[Stored dataset items]
——————

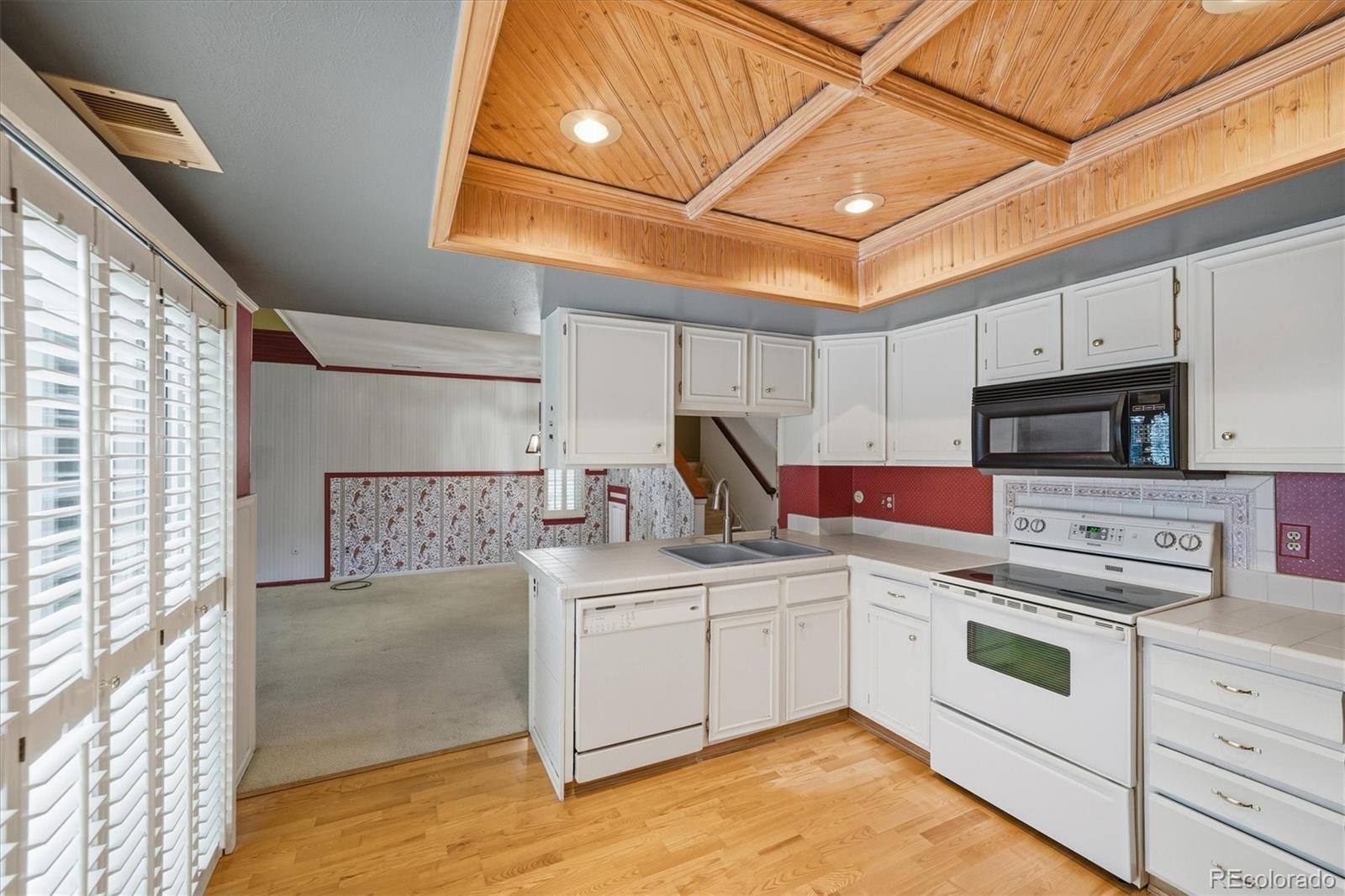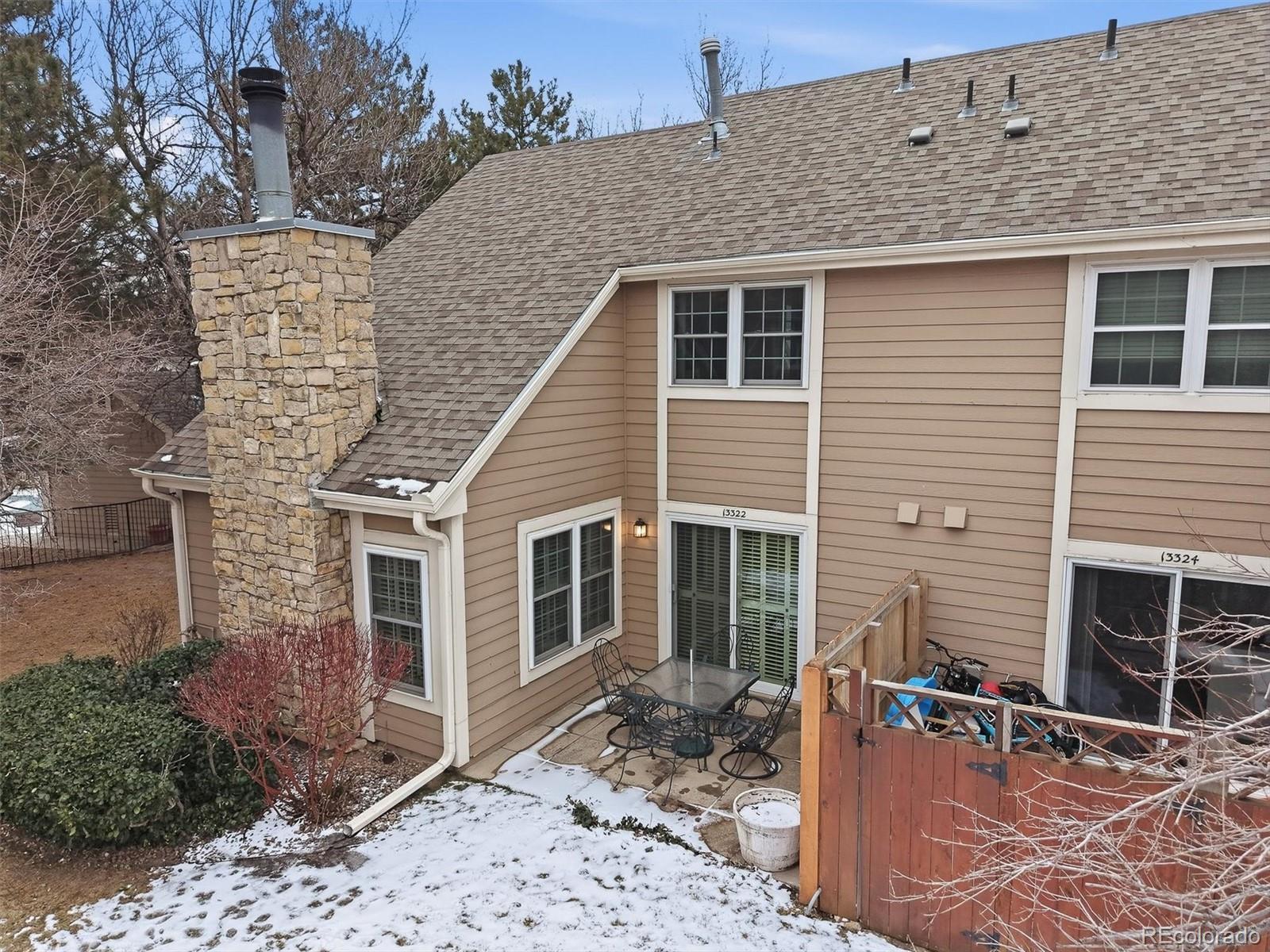 Charming end-unit townhome offered in its current As Is condition - priced accordingly, with no additional improvements to be made by the seller. This is the BEST value in all of Heather Ridge. Needs updating. This light-filled home features plantation shutters on the main level and a comfortable layout that includes 2 bedrooms, 2 full baths, and a loft overlooking the living room. The spacious living room offers a gas fireplace with stone accents, creating a cozy ambiance. The kitchen opens to a private outdoor patio through a sliding glass door, with patio furniture included for your convenience. Extra storage closet located on main level. The primary suite features a walk-in closet and a separate soaking tub, perfect for relaxation. Flooring consists of a mix of carpet and wood laminate, providing both comfort and style. Additional highlights include newer windows, garage #117 located directly across from the unit, and one reserved surface parking space directly in front of unit. The home is directly next to the neighborhood pool, offering easy access for outdoor enjoyment. Please note: there is no air conditioning.
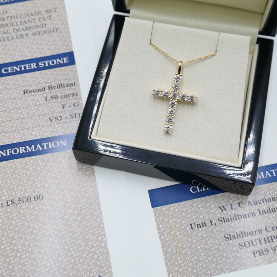A brand-new, unused, certified 18ct yellow gold natural diamond cross pendant that exudes elegance, meaning, and luxury in equal measure. Expertly set with a striking cluster of brilliant-cut natural diamonds, this exceptional piece totals 1.50 carats. With clarity graded between VS2 and SI1 and a bright F–G colour, each diamond has been hand-selected for its superior sparkle, clarity, and brilliance.
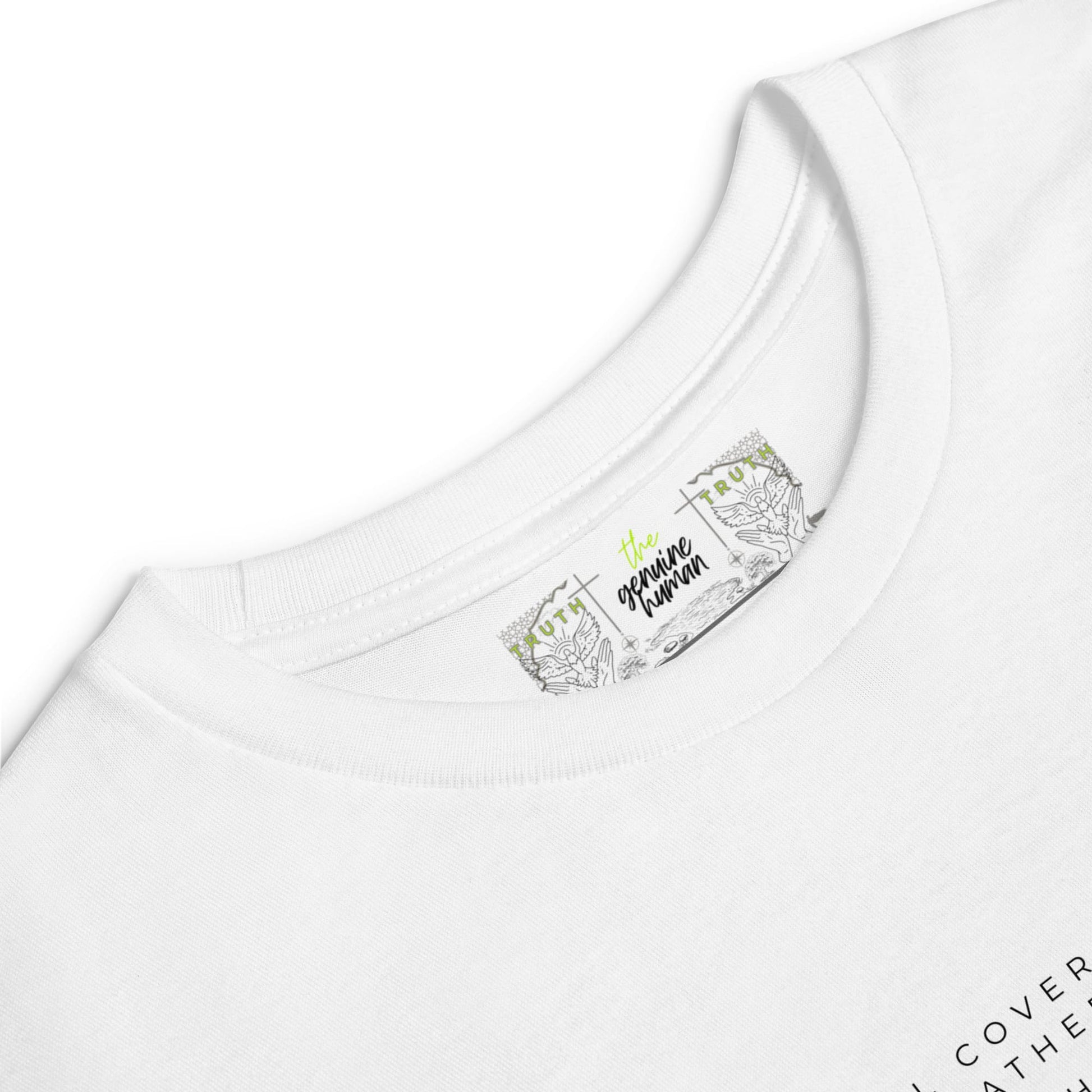 This cute long sleeve shirt illustrates the protective power of God, featuring a little angel looking up to the golden wings around it and the words of Psalm 91:4: "He will cover you with his feathers, and under his wings you will find refuge".
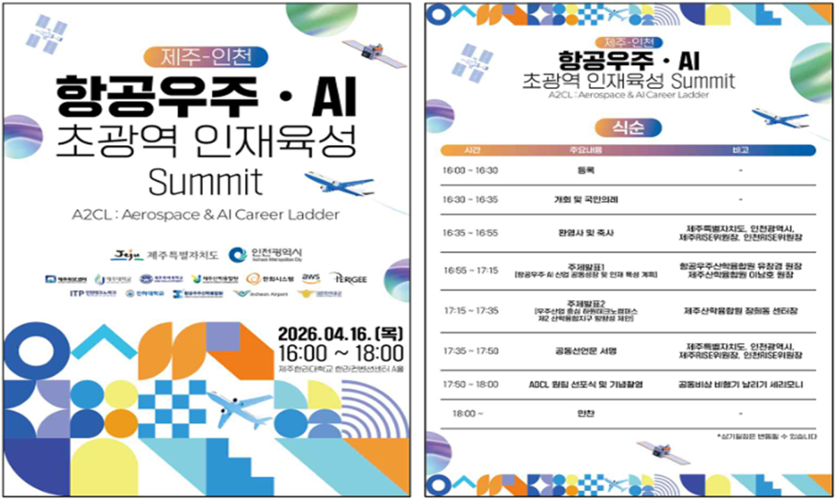 제주특별자치도가 16일 제주한라대 한라컨벤션센터에서 인천시와 함께 '제주-인천 항공우주·AI 초광역 인재육성 서밋'(Summit)을 개최하고, 초광역 협력 체계 구축에 본격적으로 나섰다.
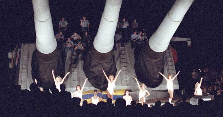 In late December, the Bob Hope USO tour visited the ships stationed in the Persian Gulf, including Iowa. Bob Hope performed, and the Dallas Cowboys Cheerleaders spent the night aboard. They were berthed in the sickbay, because it had private bathroom facilities and only one entrance, where a Marine guard was posted. Apparently, a quirk of the ventilation system spread their perfume and other scents throughout the ship, and many sailors could be found huddled near the air vents.11
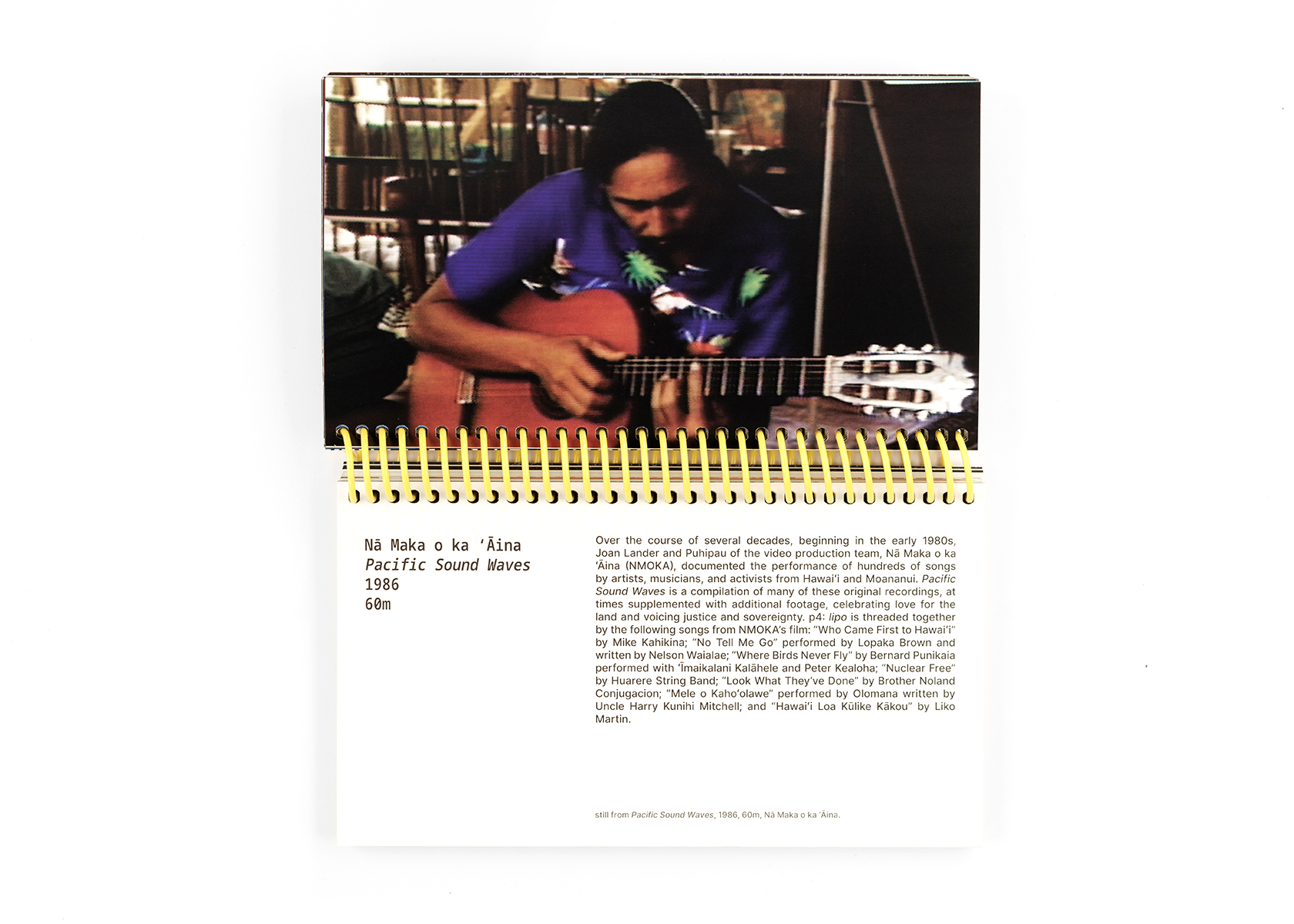 i nā kiʻi ma mua, nā kiʻi ma hope / images at front, images at back was an eight-part screening series curated, organized, and presented by kekahi wahi between 2022 and 2024 in Honolulu, New York City, Annandale-on-Hudson, Akita City (Japan), and Cologne (Germany). This publication expands documentation of the screening series through newly commissioned essays, roundtable discussions, reflections, poems, production notes, script excerpts, scores, short work descriptions, exhibition documentation and video stills.
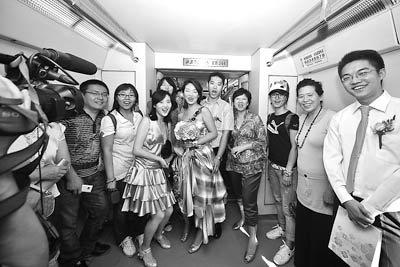 8月28日,北京,一對(duì)新人一改平常的婚車(chē)車(chē)隊(duì)接親,以騎自行車(chē),換城鐵、地鐵的方式到達(dá)婚禮現(xiàn)場(chǎng),舉辦了一個(gè)綠色、時(shí)尚的婚禮。
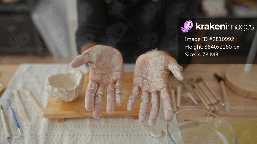 Man shows clay covered hands over wooden worktable in studio during pottery making; craftsmanship creativity patience skill.
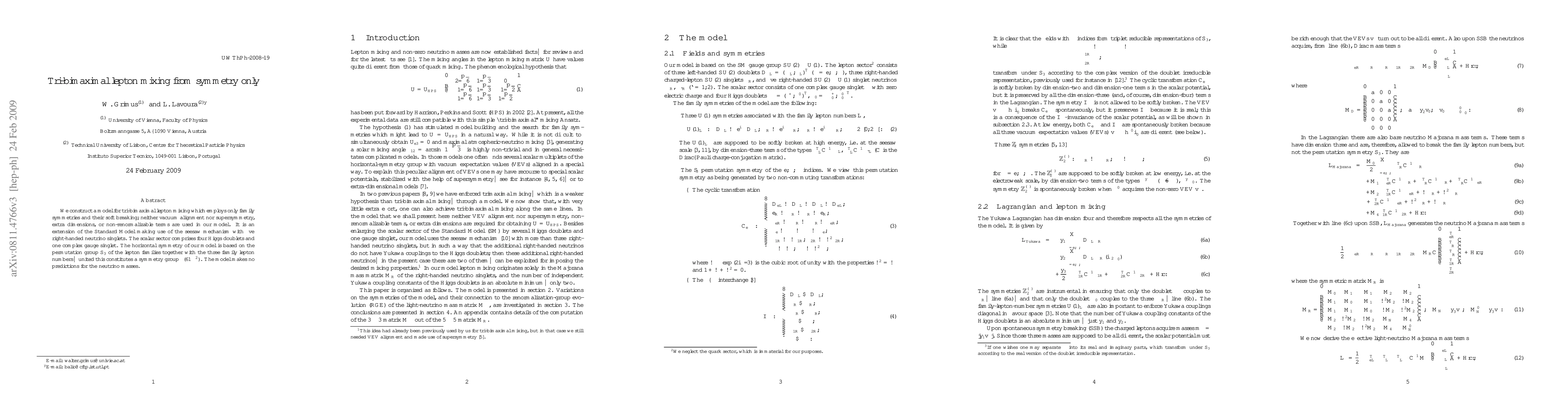 This paper proposes a model for tri-bimaximal lepton mixing using only family symmetries and their soft breaking, without relying on vacuum alignment, supersymmetry, or extra dimensions. The model extends the Standard Model with the seesaw mechanism and five right-handed neutrinos, employing a symmetry group Delta(6∞²) based on S_3 and lepton numbers.
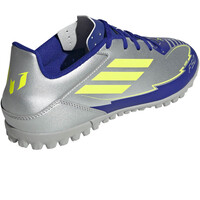- El upper de las botas de fútbol adidas F50 Club Messi TF Plata Azul Amarillo está construido con el material sintético de avanzado diseño, ligero y resistente. El collar acolchado con forro interior textil aporta confort y transpirabilidad. Lengüeta fina perforada de transpiración. Contiene al menos un 20 % de contenido reciclado.
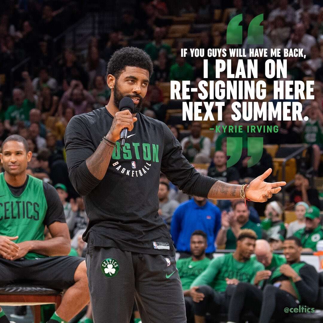 קיירי סיפק את השואו המבוקש במסגרת אירוע מכירת מנויים מיוחד, שהתקיים בגארדן. "אני רוצה ומתכנן לחתום פה גם בסיום העונה הקרובה", הסביר אירווינג לקול תשואות הקהל, "שיתפתי בעניין חלק מהחברים שלי לקבוצה כמו גם חלק ממקבלי ההחלטות בבוסטון".
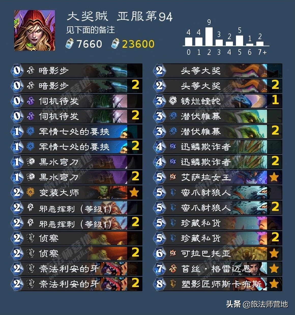 -暗影步*2、军情七处的要挟、邪恶挥刺(等级1)*2、锈烂蝰蛇、潜伏帷幕*2、艾萨拉女王;

——————

**Try it:** Begin at the line in the entries above that has "This cute long", stop after the line that has "제주특별자치도가 16일 제주한라대", and output exactly those lines without pictures.

**Response for this exercise:**
 This cute long sleeve shirt illustrates the protective power of God, featuring a little angel looking up to the golden wings around it and the words of Psalm 91:4: "He will cover you with his feathers, and under his wings you will find refuge".
 제주특별자치도가 16일 제주한라대 한라컨벤션센터에서 인천시와 함께 '제주-인천 항공우주·AI 초광역 인재육성 서밋'(Summit)을 개최하고, 초광역 협력 체계 구축에 본격적으로 나섰다.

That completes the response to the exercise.